The control host is built with a virtual disk and is used for managing the life cycle of the virtual disk and completing the functions of receiving, caching and forwarding data;
the storage host consists of a plurality of storage media and is used for storing redundant data; in the distributed storage system, the storage resources are abstracted into a plurality of storage components at the final storage place of the data, and each component consists of a large-scale sparse file chain.
The storage structure stores a computer program, and the computer program realizes the steps of the method for rapidly checking consistency of distributed storage multiple copies when being executed by a control host.

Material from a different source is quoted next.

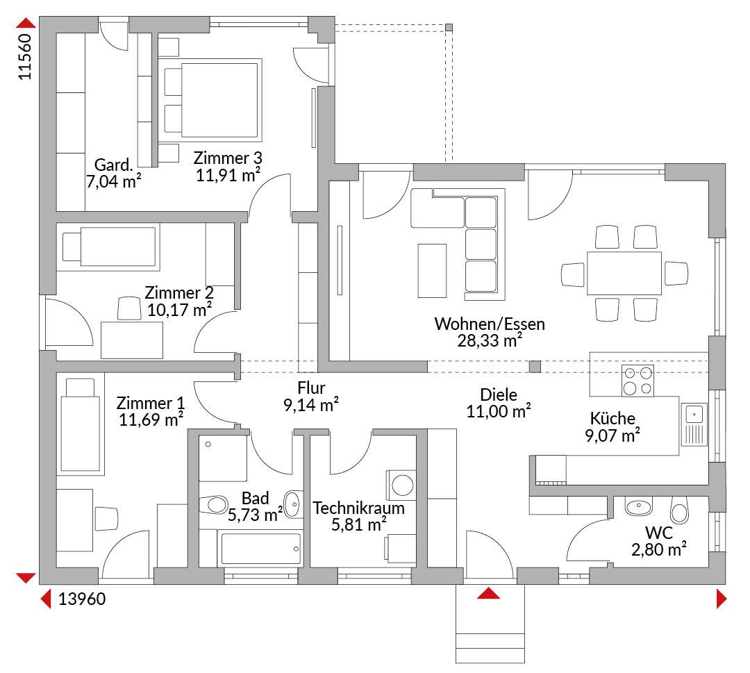 Bungalow mit 4 Zimmern, Ankleide, offener Küche, Bad, Gäste-WC, Technikraum und Diele. Satteldach mit 22° Dachneigung.
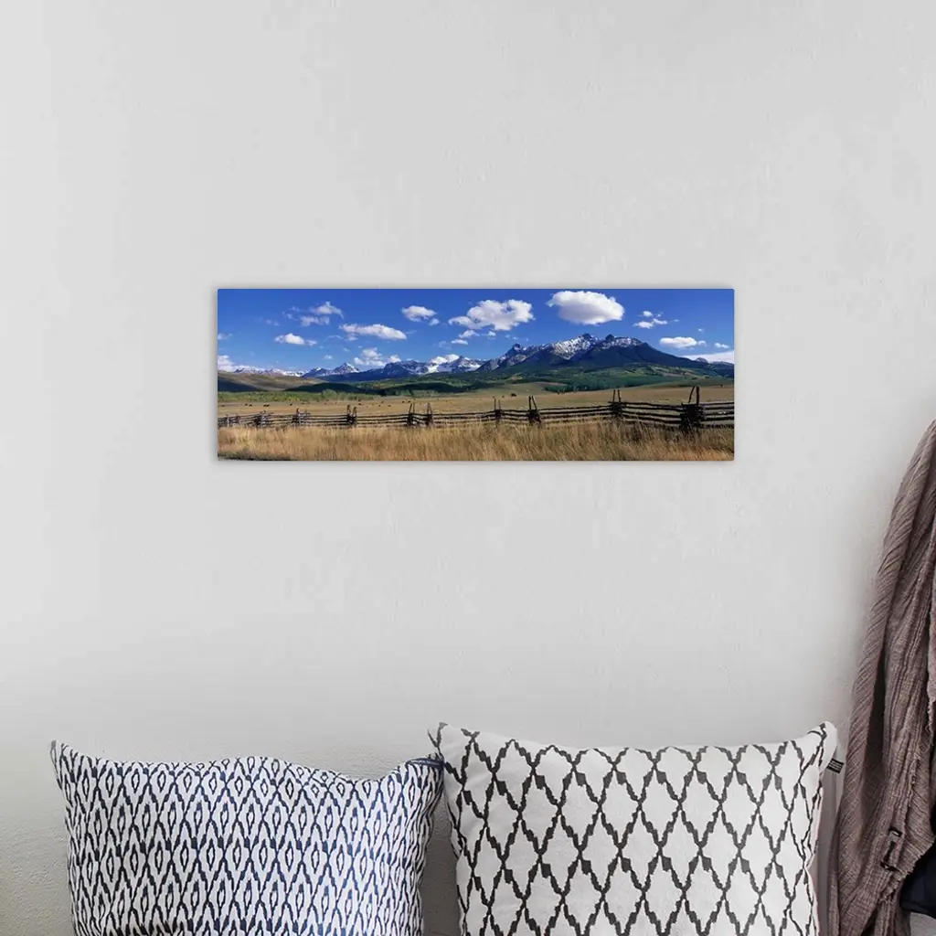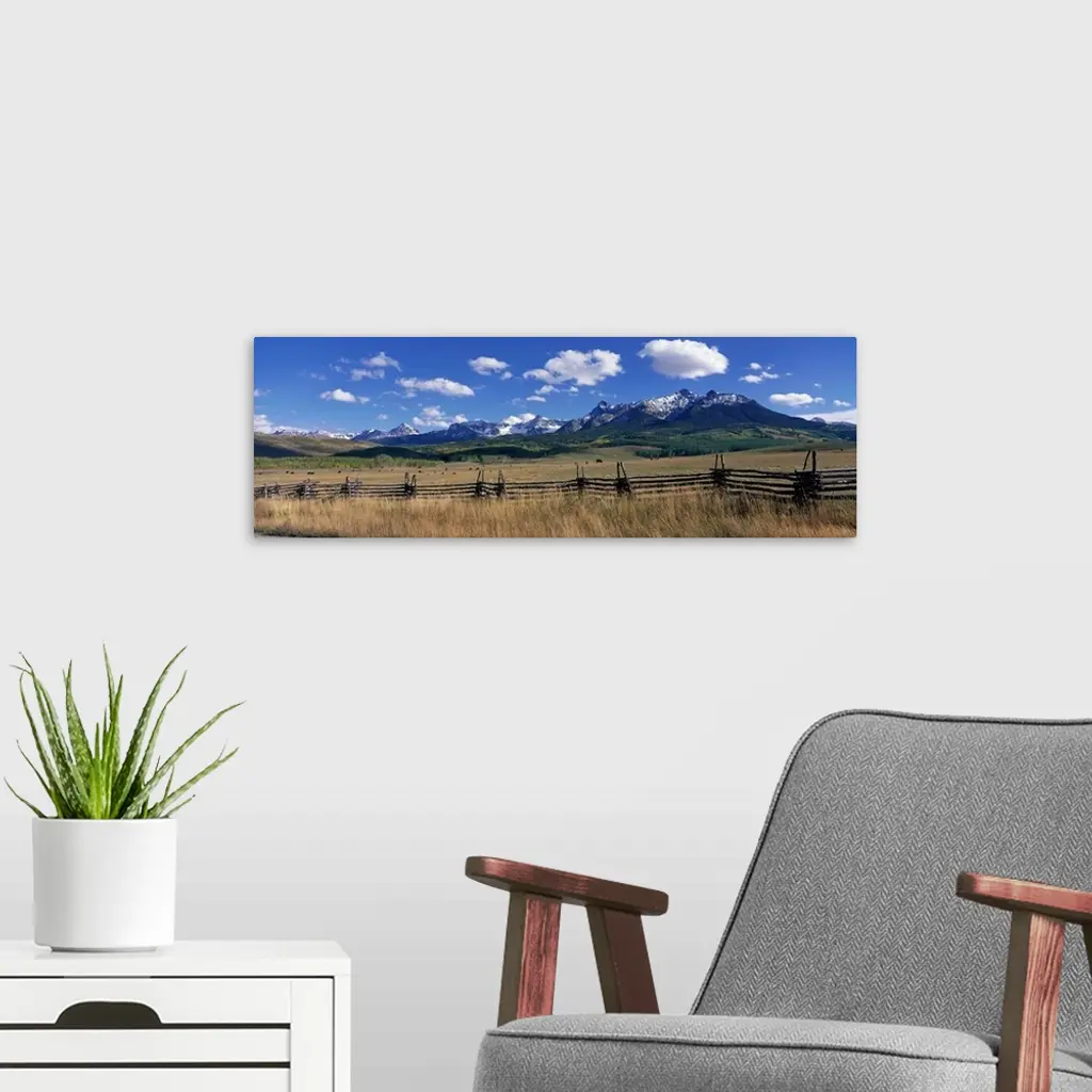Horizontal, large photograph of a distant mountain range beneath a bright blue sky, cattle grazing in the vast field, a fence runs horizontally in the foreground.

In summary, the present invention discloses a method and a storage structure for rapidly checking consistency of multiple copies in distributed storage, which adopts a processing architecture of a control host and a storage host, and includes: uniformly dividing a stored file into a plurality of data segments in advance, wherein each data segment is provided with a first hash value which corresponds to the data segment independently, and a flag bit for indicating whether the corresponding first hash value is expired or not; when a write request is received, calculating a corresponding zone bit according to the offset and the length of the write request, and setting the zone bit to be overdue; and screening out expired zone bits, and calculating a second hash value of the whole file according to the first hash value of each data segment after updating the first hash value corresponding to the zone bits. The invention provides a method for rapidly checking consistency of distributed storage multiple copies and a storage structure, wherein a large file is divided into a plurality of data segments, the hash value of the file is calculated by the data segments, and the hash value of the whole file is calculated by the hash value of each data segment; by the method, the hash value of the corresponding data segment is updated only by recording which data segments are modified, so that the data of the whole file is prevented from being read when the consistency is checked, the consistency checking speed is greatly improved, and the consumption of the bandwidth of the storage host is reduced; and the hash value is calculated by the data segment, so that concurrent calculation can be realized more easily when the system is idle, and the data verification speed is greatly accelerated.
It is to be understood that the invention is not limited to the examples described above, but that modifications and variations may be effected thereto by those of ordinary skill in the art in light of the foregoing description, and that all such modifications and variations are intended to be within the scope of the invention as defined by the appended claims.